We knew this was a possibility, but it was tucked way back in our brains. It had to be, for us to try this really. We all were prepared for the embryo not to implant. I think if at the six week ultrasound we had seen no heartbeat, we would have been disappointed, but not surprised, and we would have been able to move on sooner. This though, was much harder to take, much more complicated to deal with, and delays the whole process a lot more. It wasn’t something we really took into account, and I am sure that is for the best.

Many have asked if and when we will try again, this is perhaps one of the most painful parts of the infertility process. That is out of our hands at this point. We could decide not to, but none of us want to do that. To proceed, though, my body has to be evaluated again. The parents have to be willing to wait for me to recover, everything has to sit on hold for months as we wait on my body. Suddenly the adventure that began last winter, may not end until next winter. Now it seems as if we are on an elephants gestational time table. If we do try again my body will be riding hormonal waves for a very long time to come.



Sometimes it’s easier for me to turn to music, than scripture. I know as someone who works in ministry, I am not supposed to admit that, but it’s true. Often thankfully scripture is woven into and inspires the music that makes it so much easier to digest the messages of God’s love, hope and joy in the midst of defeat. So I am clinging to this Rend Collective song today as I cling to the huge black dog that sits with me in grief. He and I take a break from getting back to normal and just sit for a bit. He puts his head up close to mine, when he sees the tears pooling in the corners of my eyes, and he helps me to find some joy, he reminds me of the message of this song, the message of Jesus, that there is redemption, that life can spring from death.

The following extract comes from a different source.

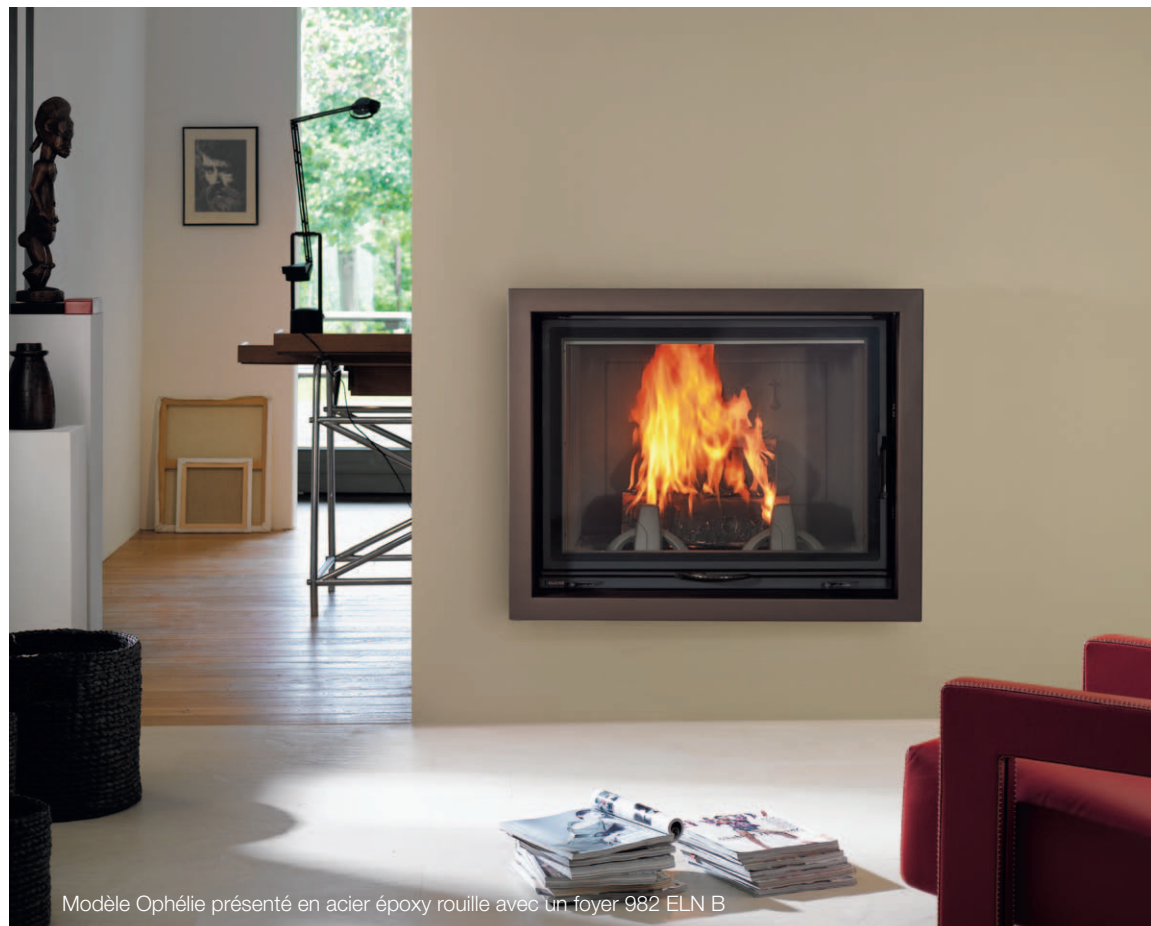
Modèle Ophélie présenté en acier époxy rouille avec un foyer 982 ELN B

I will wait for that light of my soul to warm up this cold shadow of grief. I have been so blessed over the last two weeks to have my family and my friends remind me of those things too. Through meals and cookies, calls, texts, messages and prayers, there have been little bursts of light, there have been moments of joy and for that I will always be grateful. If we do go through with this elephant pregnancy, it’s those things that will give me the courage to continue and to embrace the rest of this adventure. So I will try to choose celebration. I will work on celebrating the amazing family and friends I have, instead of grieving so much for the little life, and opportunity we lost. I will sit in the arms of this crazy dog and try to understand that I am in the arms of Jesus himself.